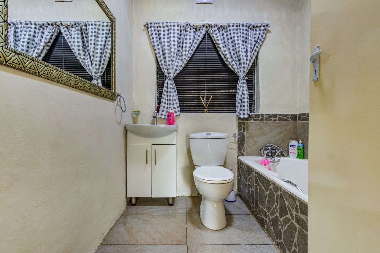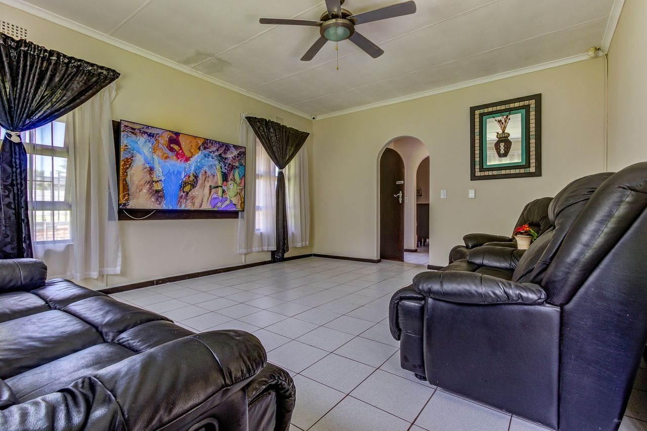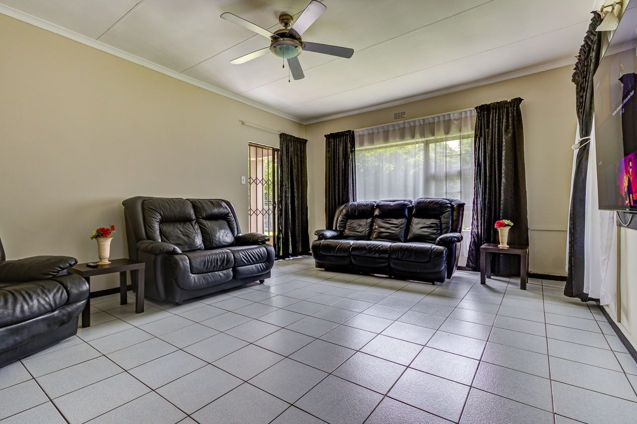 Discover this inviting family home in Glen Marais, Kempton Park, presenting a well-maintained exterior with a neutral grey facade and a durable tiled roof. The property boasts a spacious paved driveway leading to a double carport and two garages, ensuring ample parking for residents and guests. A security gate at the front entrance enhances peace of mind, complementing the established garden.
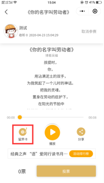 2.报名完成后,还可以在【我的作品】中找到“参赛中”的作品,制作成精美的留声卡,分享到朋友圈。
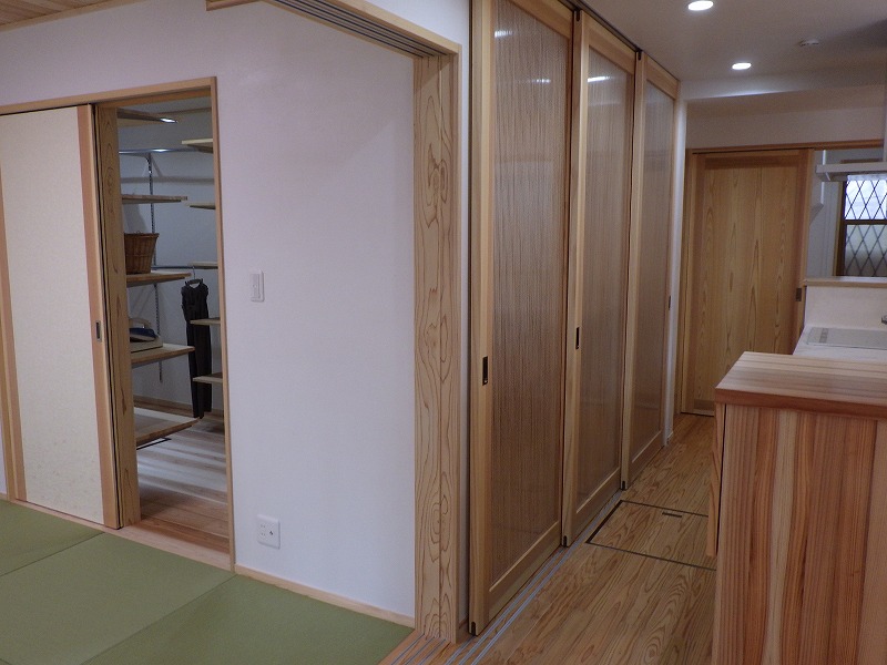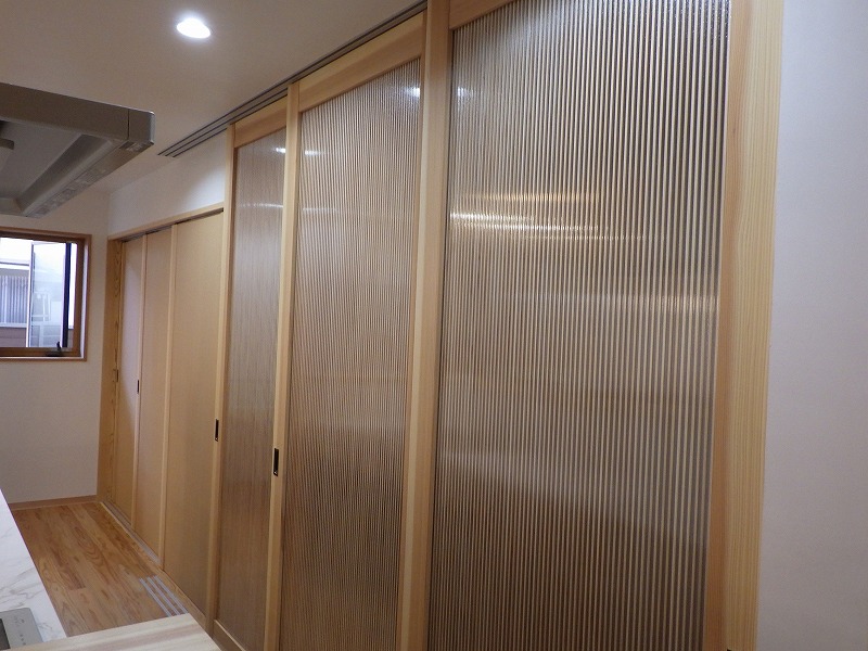 奥様から電子レンジ等の家電収納、食器戸棚、冷蔵庫を隠したいというご要望があり、3枚の引戸で隠せるようにしました

### WHAT YOU SHOULD DO
Restate exactly the lines that start at the "2.报名完成后,还可以在【我" line and end with the last line of the material above, leaving out the pictures.

### THE ANSWER
 2.报名完成后,还可以在【我的作品】中找到“参赛中”的作品,制作成精美的留声卡,分享到朋友圈。
 奥様から電子レンジ等の家電収納、食器戸棚、冷蔵庫を隠したいというご要望があり、3枚の引戸で隠せるようにしました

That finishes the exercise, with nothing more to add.